How can I reconcile these COVID test false-negative numbers?

[effort level: thinking out loud, plus a couple hours’ googling]

There’s been a lot of press lately around Costco selling an “AZOVA” at-home COVID test...

...with a sensitivity of 98% (meaning 98% of positive tests are correct) and a specificity of 99% (meaning 99% of negative tests are correct).

(IIUC, they’re getting their terms wrong here: “sensitivity” means “P(positive test | sick)”, not “P(sick | positive test)” as their parenthetical claims. Same flip for “specificity.” I’d guess that they mean “P(positive test | sick)”, and that some copywriter mis-translated, but not sure.)

That is, they claim a false negative rate of 2%.

Compare that to this study of RT-PCR COVID test false negative rates:

Over the 4 days of infection before the typical time of symptom onset (day 5), the probability of a false-negative result in an infected person decreases from
100% (95% CI, 100% to 100%) on day 1 to
67% (CI, 27% to 94%) on day 4.On the day of symptom onset, the median false-negative rate was
38% (CI, 18% to 65%). This decreased to
20% (CI, 12% to 30%) on day 8 (3 days after symptom onset) then began to increase again, from
21% (CI, 13% to 31%) on day 9 to
66% (CI, 54% to 77%) on day 21.

That is, they claim false negative rates ten times higher than AZOVA’s, even if you nail the timing.

How can these false negative rates be so different?

Hypothesis 1: the study with the >20% false negative rates was from April-May, and the state of the art has moved on since then.

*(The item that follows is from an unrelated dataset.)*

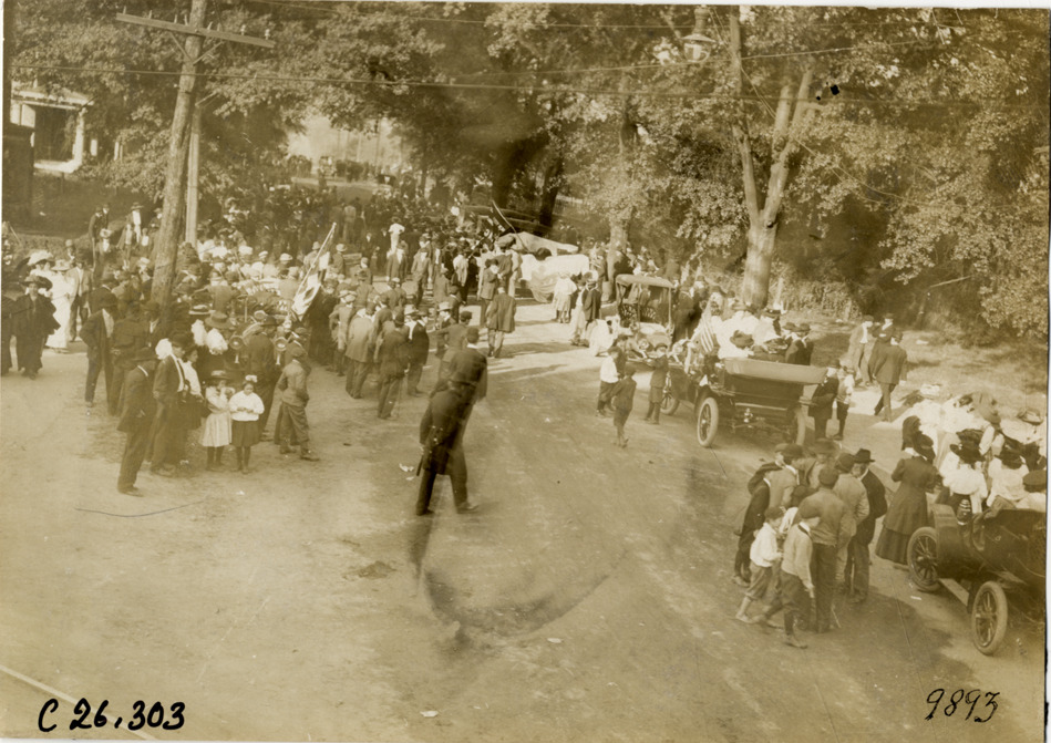 Motorists and spectators with automobiles, 1909 New York-Atlanta Good Roads Tour
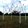 - Verbeterde windbestendigheid: Door de kraam te verankeren met 4 spanlijnen (zie inhoud van het pakket) vergroot u de stabiliteit van het paviljoen op open terrein aanzienlijk.

(Counterpoint: in five months, we reduced false negatives by a factor of ten? Seems unlikely.)
Hypothesis 2: AZOVA doesn’t actually mean “sensitivity” i.e. “P(positive test | sick)”, they truly mean “P(sick | positive test) = 98%”—which might bw achievable through some clever definition of base rates.

(Counterpoint: I think this would have to drive their “P(healthy | negative test)” numbers into the toilet.)
Hypothesis 3: AZOVA’s “98%” and “99%” are just benchmarked against some other test—so “P(positive test | sick)” should actually read “P(positive AZOVA test | positive gold standard test)”—which just means that their test is about as good as the gold standard.

(Counterpoint: in the “Contrived Clinical Study” section of their Emergency Use Authorization summary, they build “known positive” / “known negative” samples by spiking negative samples with viral RNA, and their test gets every one(!) correct (n=31 for +, n=11 for -). Naively, this seems hard to fake, unless their spiking concentration is ridiculously high, which I don’t think it is. (Their spiking concentrations are on the order of their “LoD” = “Limit of Detection” = “10 copies/μL”—for comparison, at least after symptom onset, saliva carries thousands of copies/μL [1, 2].))

None of these hypotheses seems to hold water. I’m inclined to think that the pessimistic study is closer to the true false negative rate, since those authors aren’t trying to sell me something, but I’m still distressed that I can’t see how AZOVA is (presumably) tricking me.